§ **EXERCISE DATA**
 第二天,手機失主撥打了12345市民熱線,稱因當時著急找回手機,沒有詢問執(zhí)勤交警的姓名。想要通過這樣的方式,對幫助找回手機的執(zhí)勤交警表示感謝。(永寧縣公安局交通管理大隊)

==

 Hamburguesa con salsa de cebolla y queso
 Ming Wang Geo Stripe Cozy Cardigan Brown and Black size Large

---

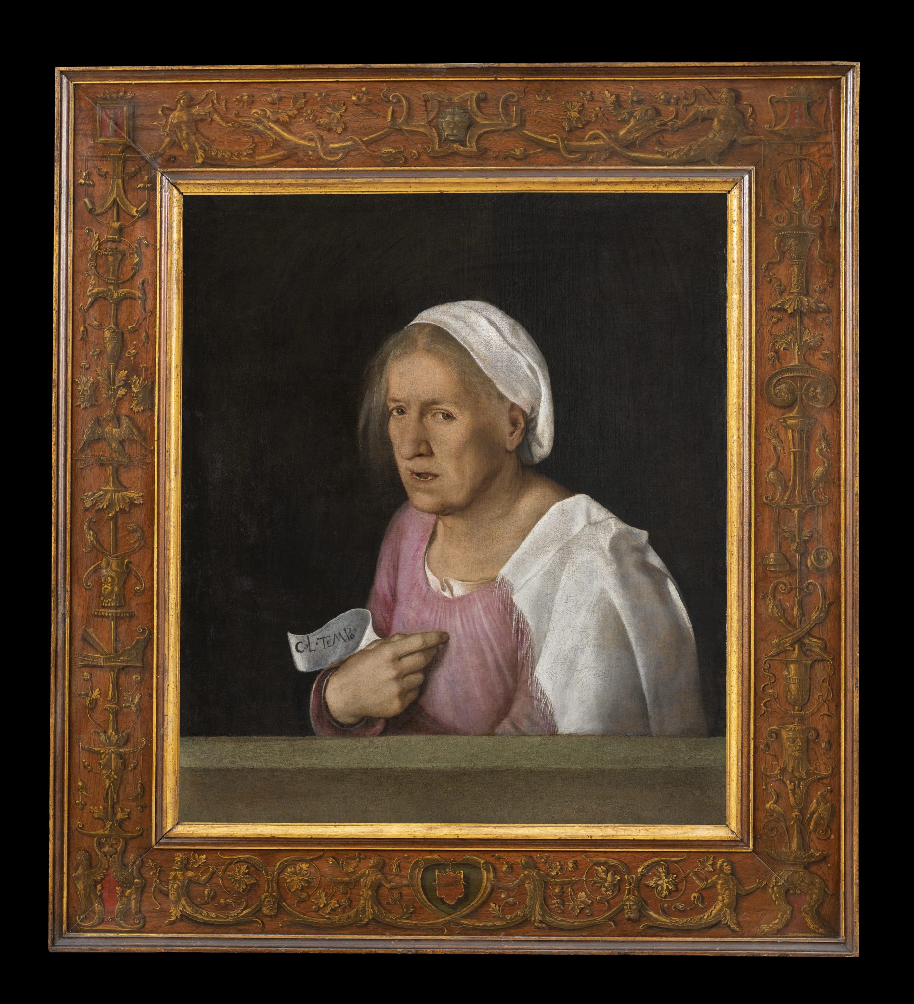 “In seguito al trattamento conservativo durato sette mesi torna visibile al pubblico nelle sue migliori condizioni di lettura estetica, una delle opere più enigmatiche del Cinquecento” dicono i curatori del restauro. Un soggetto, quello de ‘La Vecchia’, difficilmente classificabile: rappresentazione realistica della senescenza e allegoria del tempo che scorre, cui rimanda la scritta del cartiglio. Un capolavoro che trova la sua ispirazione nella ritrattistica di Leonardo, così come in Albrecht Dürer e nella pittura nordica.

§ **ACTIVITY**
The range runs from the line with "Hamburguesa con salsa de cebolla y queso" up to and including the line with "Ming Wang Geo" in the listing above; please write out exactly those lines and nothing more.

§ **EXERCISE ANSWER**
 Hamburguesa con salsa de cebolla y queso
 Ming Wang Geo Stripe Cozy Cardigan Brown and Black size Large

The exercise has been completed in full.